Overview
Even though mobile technology often simplifies the completion of everyday tasks, cell phone owners can also encounter technical glitches and unwanted intrusions on their phones. In an April 2012 survey, the Pew Research Center’s Internet & American Life Project assessed the prevalence of four problems that cell owners might face:
- Dropped phone calls
- Unwanted sales or marketing calls
- Spam or unwanted text messages (based on cell owners who text)
- Slow download speeds that prevent things from loading as quickly as you would like them to (based on those who use the internet or email on their cell phone or download apps to their cell phone)

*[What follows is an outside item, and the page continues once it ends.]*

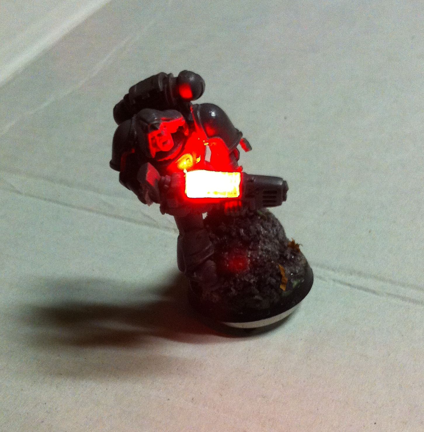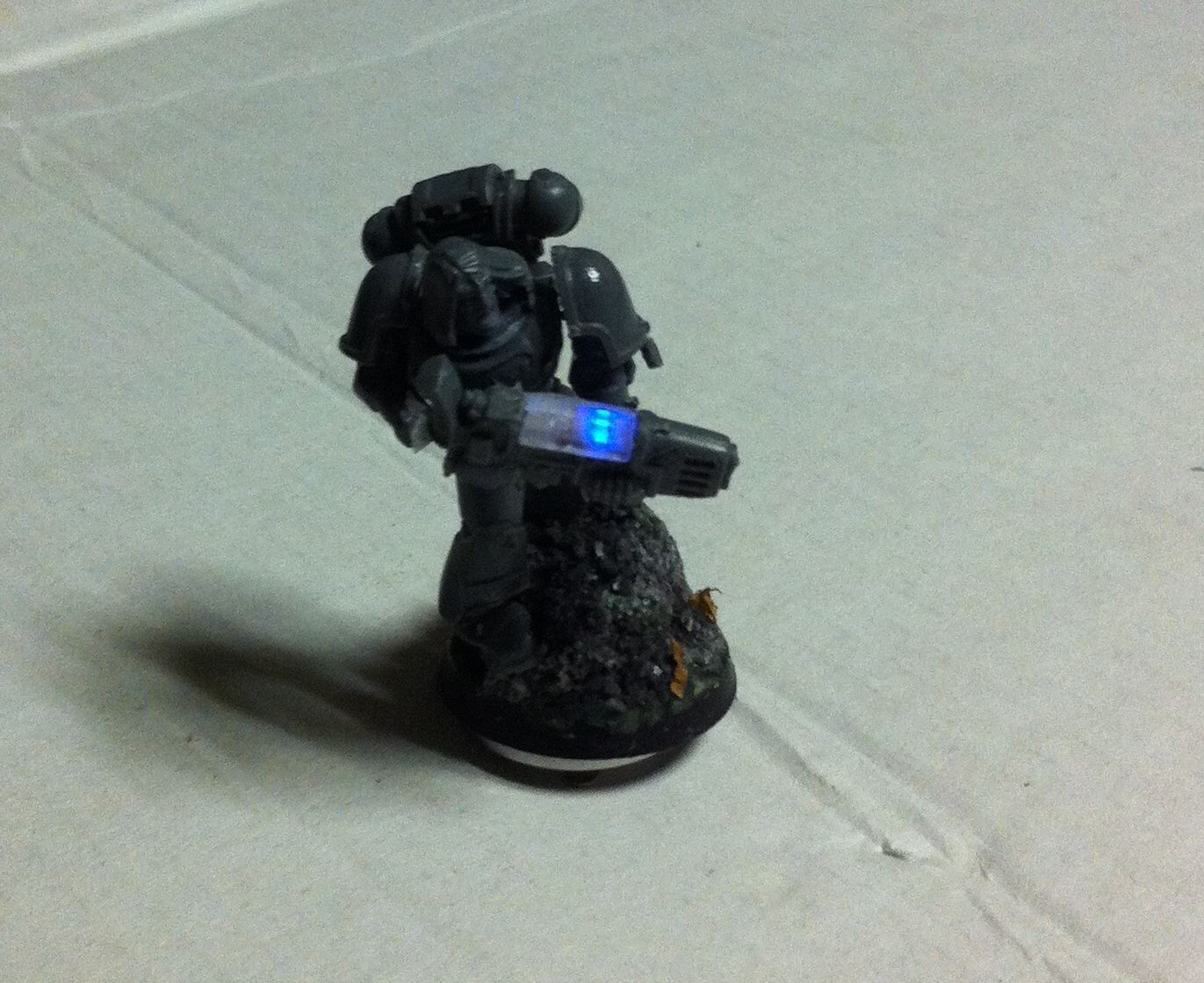 Just a random space wolf I wired up for practice. He was meant for 3 color but the blue diode is too weak to produce violet. His plasmagun started as a stock plasmagun and was modified with copper wire, a diode, solder, and clear arcylic.

"The big change that mobile connectivity has brought to users is the instant availability of people and data,” noted Jan Lauren Boyles, a Pew Internet Project researcher who authored this report. “As mobile owners become fond of just-in-time access to others and as their expectations about getting real-time information rise, they depend on the cell phone's technical reliability. Any problems that snag, stall, or stop users from connecting to the material and people they seek is at least a hassle to them and sometimes is even more disturbing than that in this networked world."
About the Survey
The results in this report are based on data from telephone interviews conducted by Princeton Survey Research Associates International from March 15 to April 3, 2012, among a sample of 2,254 adults, age 18 and older. Telephone interviews were conducted in English and Spanish by landline (1,351) and cell phone (903, including 410 without a landline phone). For results based on the total sample, one can say with 95% confidence that the error attributable to sampling is plus or minus 2.4 percentage points. For results based Internet users (n=1,803), the margin of sampling error is plus or minus 2.7 percentage points.